Open abinet opened 2 months ago
@abinet Thanks for writing it up! I've transferred this issue to "harbor" repo since it's not helm chart specific.
If I check the long running queries on Postgres side, it seems like the queries from different core-replicas just blocking each other
This looks like a dead-lock and should never happen, we'll handle it with priority.
hi @abinet
I am trying to understand the problem, and I've some questions:
hi @wy65701436 , thank you for caring about the issue.
I am using Harbor 2.10.2. Yes, the images are from the same registry but with different tags. The blocked queries are selects from blob/artifact tables. Sometimes its blob, sometimes artifacts. Unfortunately I can only reproduce this issue in Production Instance, so I can not just easily enable debugging there.
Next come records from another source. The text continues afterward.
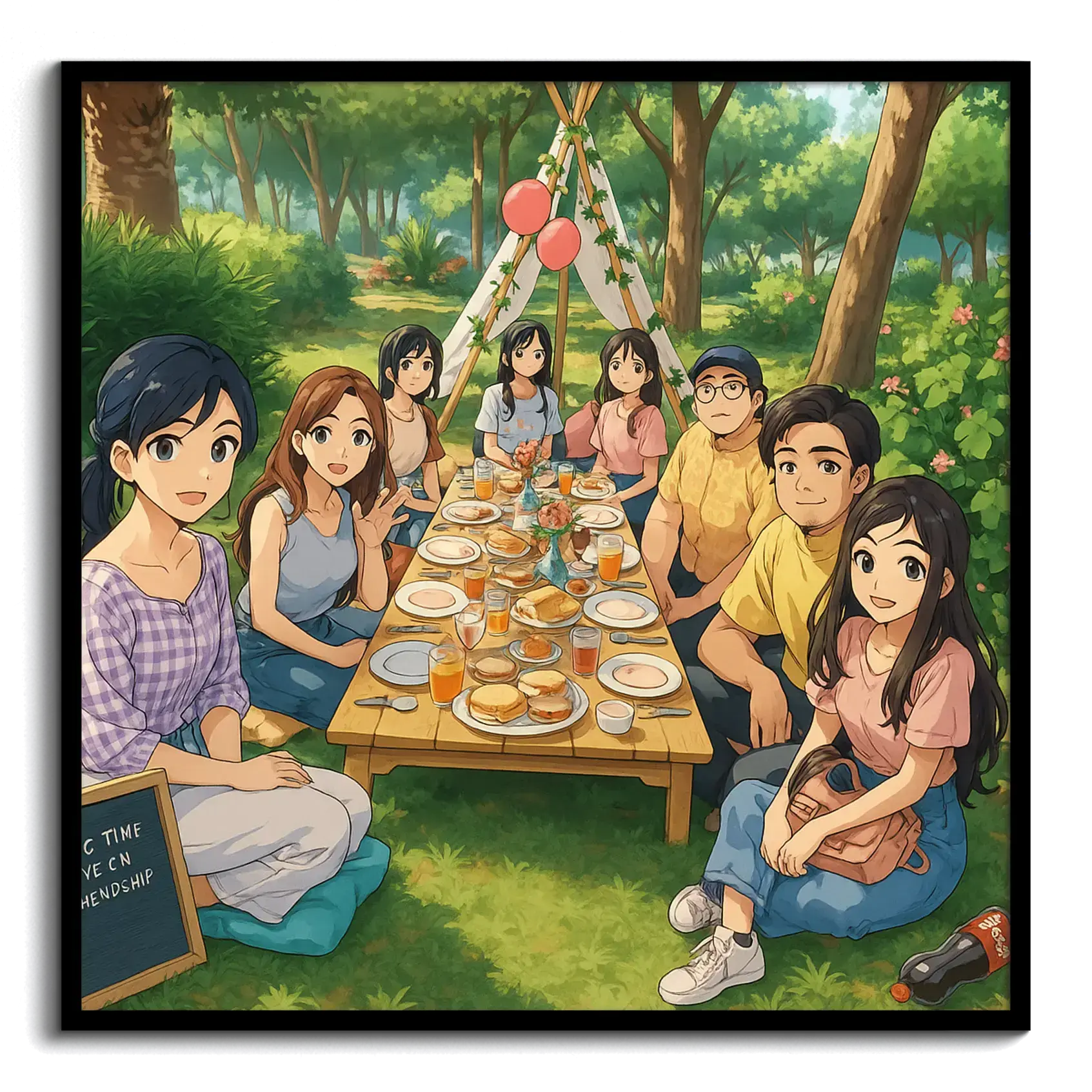 Commandez maintenant et transformez votre image en art prêt à accrocher. Exemple présenté: Foto in Anime-Stil umwandeln – une photo convertie par IA en style anime, aux lignes nettes et couleurs douces, imprimable en poster, cadre, toile, acrylique, Alu‑Dibond, panneau mousse ou disponible en fichier HD.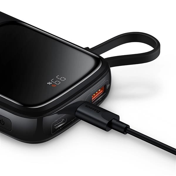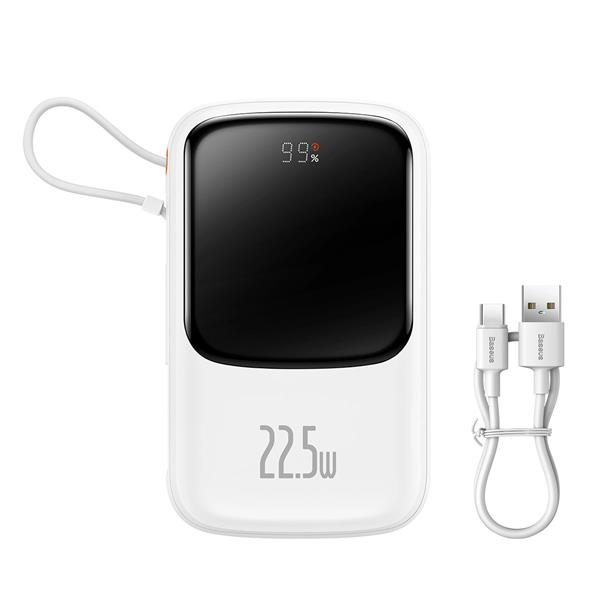 Baseus Qpow powerbank 10000mAh wbudowany kabel USB Typu C 22,5W Quick Charge SCP AFC FCP biały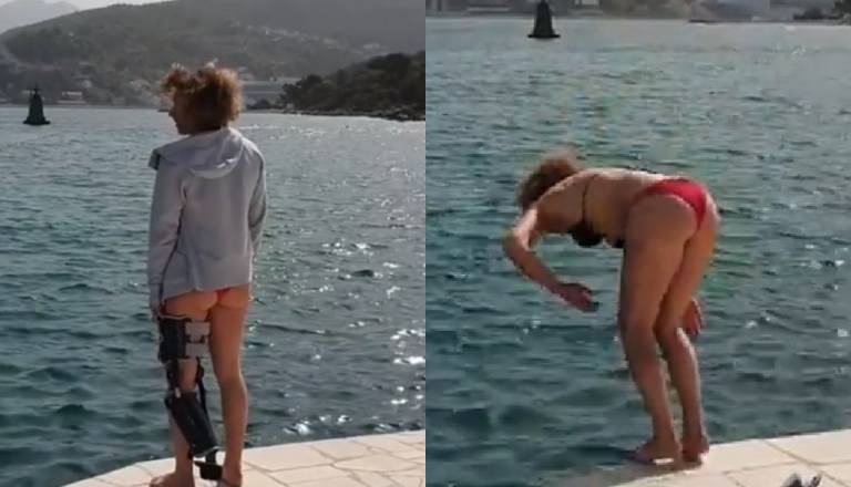 VIDEO: Ilka po dveh mesecih snela opornico in skočila v morje!

Will try to gather more details and update the ticket.
@wy65701436 @reasonerjt, btw, this happens also on single pod harbor core instances. Easy to reproduce, set DB max connections to <10, eg. 5 and try to delete in the UI 100 Images
We have some updates on the issue:
It seems when the core runs out of DB connection, it freezes.
This was observed with 2.9.4 but, it should also happen with the latest Harbor version.
I the diagrams one can see the time before and after the restart of Harbor.
We are using Harbor installation with internal PostgreSQL Database and 3 harbor core replicas running.
When we try to delete multiple (>10) images via Harbor UI with this configuration, the page just hangs and keeps reloading. If I check the long running queries on Postgres side, it seems like the queries from different core-replicas just blocking each other and it is impossible to unblock trying to terminate backends (https://www.shanelynn.ie/postgresql-find-slow-long-running-and-blocked-queries/)
I am not very handy in PostgreSQL operation, thus so far we have to restart database in such cases by restarting database pod.
Down-scaling harbor-core deployment to 1 replica solves the problem. With one replica running multiple images can be deleted from UI without any issues.
I am wondering if somebody is experiencing same issue with external Postgres database as well.